- _EXERCISE DESCRIPTION_
Everything from the line with "bull terrier-Rhodesian Ridgeback." to the end of the entries should be set down exactly, except the pictures.

- _DATASET CONTENT_
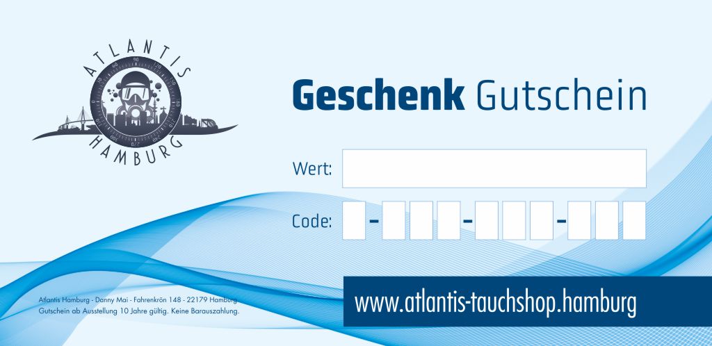 Das ideale Geschenk für alle Taucherinnen und Taucher. Der Gutschein kann im Onlineshop und bei Atlantis Hamburg eingelöst werden.
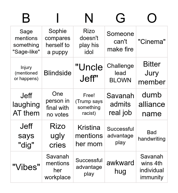 This bingo card has a free space and 24 words: Rizo ugly cries, Savanah mentions her workplace, "Uncle Jeff", "Vibes", "Cinema", Sage mentions something "Sage-like", Injury (mentioned or happens), Sophie compares herself to a puppy, Savanah admits real job, Kristina mentions her mom, Challenge lead BLOWN, Jeff laughing AT them, Successful advantage play, Bad handwriting, Blindside, awkward hug, dumb alliance name, Rizo doesn't play his idol, Bitter Jury member, One person in final with no votes, Savanah wins 4th individual immunity, Jeff says "dig", Someone can't make fire and Successful advantage play.
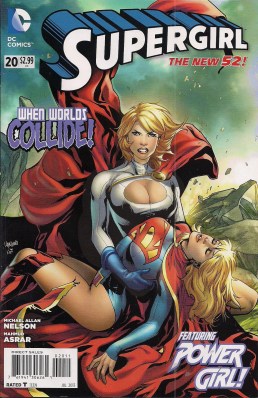 1. Those are some spherical breasts going on in that cover image, Martin – is it explained in the story why Power Girl has snapped Supergirl's spine and then twisted her torso around so it is in the same shot as her buttocks?
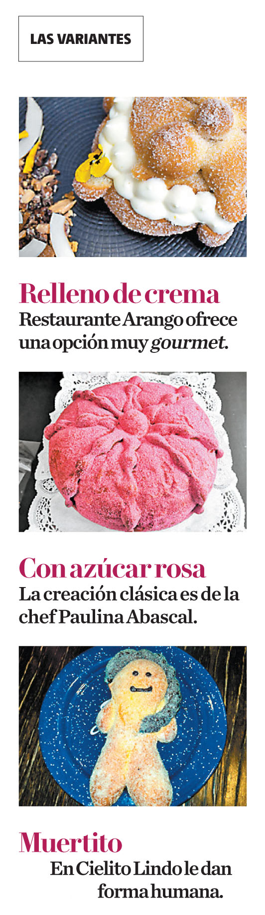 Con los años, el pan de muerto ha experimentado variantes, pues algunos chefs han hecho su propia creación para darle un toque gourmet. Tal es el caso del chef Alejandro Cuatepotzo, (de los restaurantes Arango, en CdMx, y Antonia, en San Miguel de Allende).
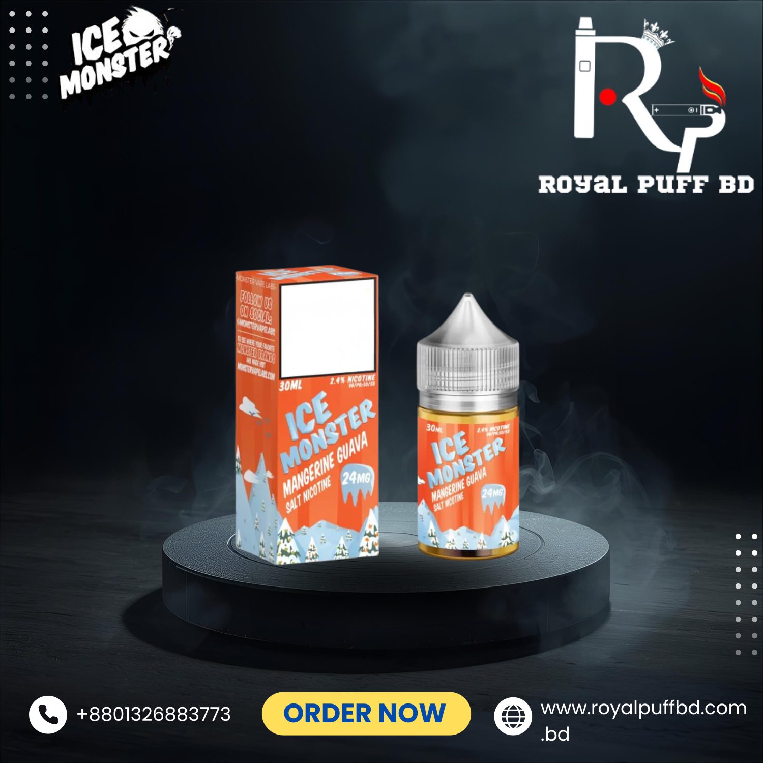 Buy Mangerine Guava Ice Monster Saltnic 30ml at Royal Puff BD — guaranteed authentic with fresh stock and fast delivery across Bangladesh.
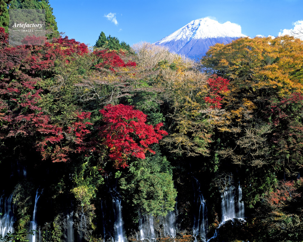 | 作品タイトル | 紅葉の白糸ノ滝と富士山。滝百選・名勝・国指定天然記念物 | モデルリリース | なし | |
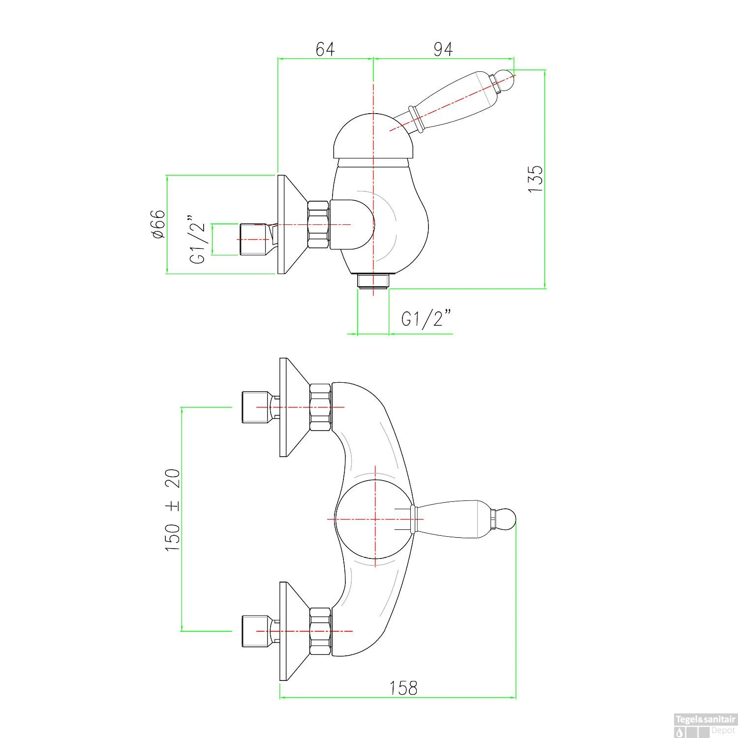 Specificaties Opbouw Douchekraan Mengkraan Retro Wit 1-hendel Chroom Sapho Kirké:
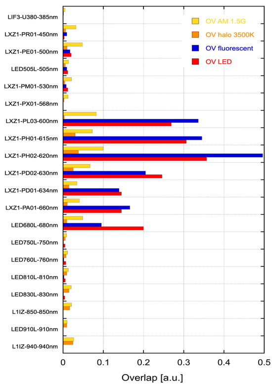 The overlap integrals were calculated, integrating the product of the SQEs and the spectra of the light sources over the wavelength range. For the sake of a proper comparison, the lamp spectra were normalized with respect to their integrals in order to make each spectrum represent a light source with the same total output power. The resulting overlap integrals are visible in Figure 7 with reference to four light sources. The figure shows that the most promising devices are LEDs with emission wavelengths between 600 and 660 nm. In addition, most LEDs in this interval exhibit particularly large overlap integrals, with the best performance expected under fluorescent or LED illumination. Finally, some blue-emitting LEDs operate better under sunlight similarly to some infrared LEDs. The higher conversions under LED and fluorescent illumination are quite encouraging as such sources can be easily found indoors. The very high quantum efficiencies expected with the latter confirm that LED-based energy harvesting systems are well suited for the most common indoor applications, a win–win condition.
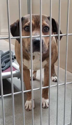 “Bobby Socks” is a female Staffordshire bull terrier-Rhodesian Ridgeback.
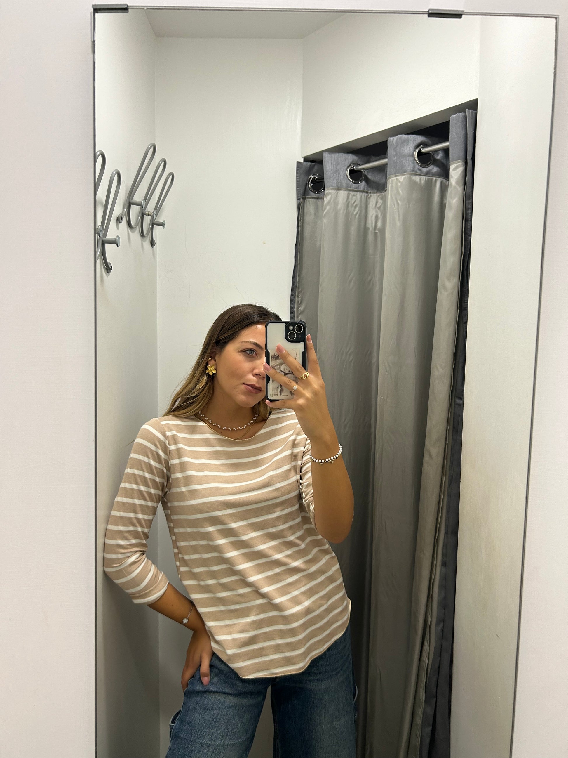 Comoda shirt in cotone manica lunga, a righe orizzontali, non elastica, scollo barca, veste dalla S alla L
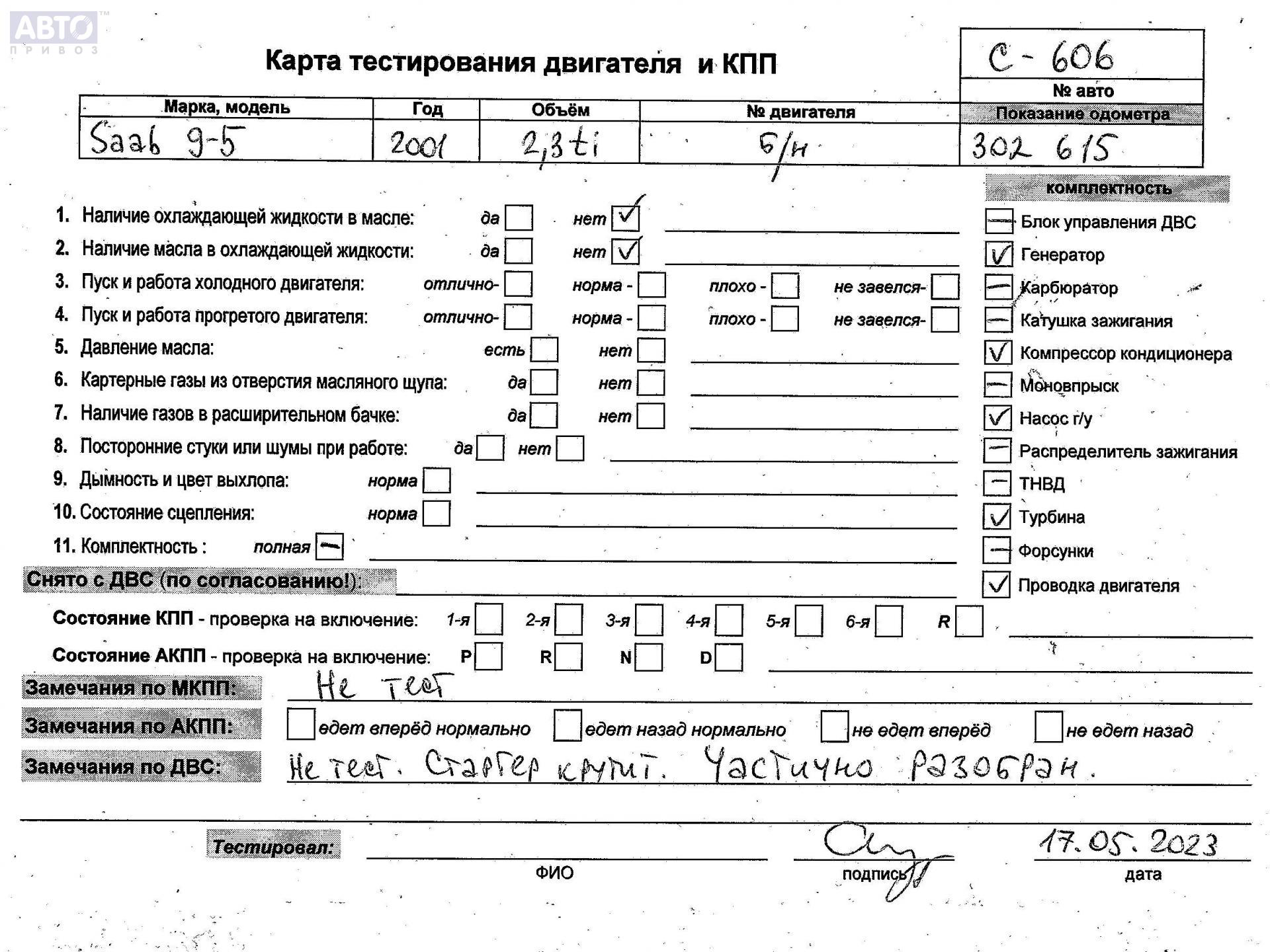 | Марка / Модель / Год: | Saab 9-5 (1997-2001) 2001 |
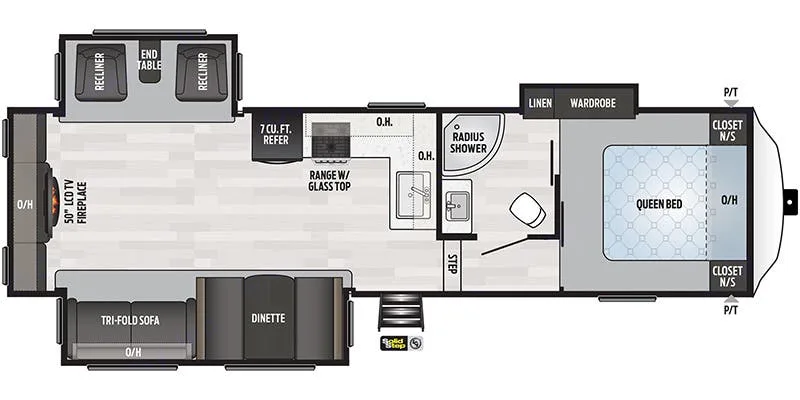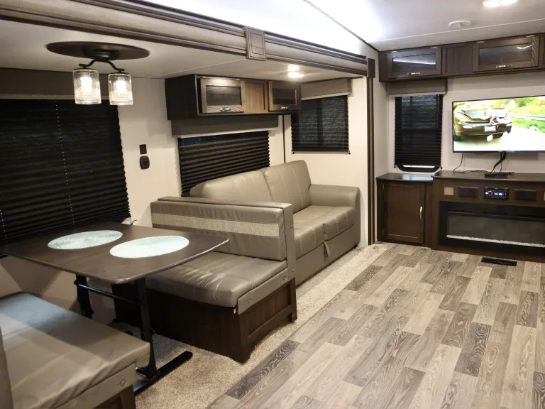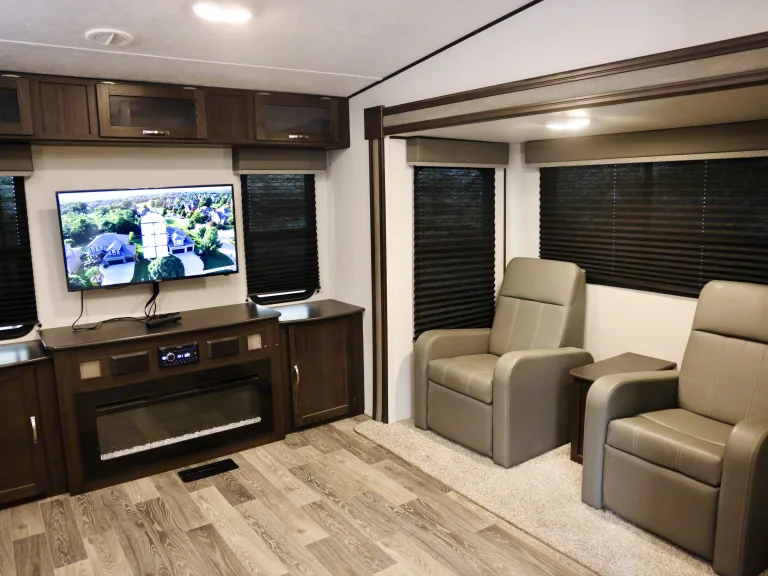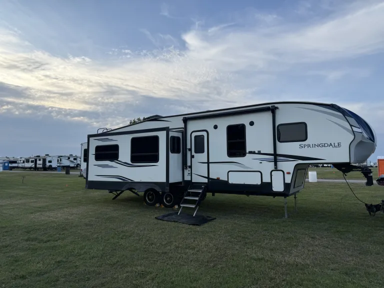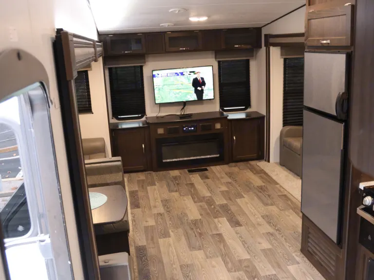 Springdale 253Fwre is a rear entertainment fifth wheel model known for its spacious living area with dual opposing slides. It features a large entertainment center as the focal point of the rear living space, often including a fireplace. The floorplan also includes a front master suite with a queen bed and a dual-entry bathroom.
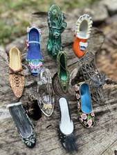 Fenton Art Glass Victorian Hand Painted Floral Design Slipper + Willow Hall Shoe

- _ANSWER TO THIS EXERCISE_
 “Bobby Socks” is a female Staffordshire bull terrier-Rhodesian Ridgeback.
 Comoda shirt in cotone manica lunga, a righe orizzontali, non elastica, scollo barca, veste dalla S alla L
 | Марка / Модель / Год: | Saab 9-5 (1997-2001) 2001 |
 Springdale 253Fwre is a rear entertainment fifth wheel model known for its spacious living area with dual opposing slides. It features a large entertainment center as the focal point of the rear living space, often including a fireplace. The floorplan also includes a front master suite with a queen bed and a dual-entry bathroom.
 Fenton Art Glass Victorian Hand Painted Floral Design Slipper + Willow Hall Shoe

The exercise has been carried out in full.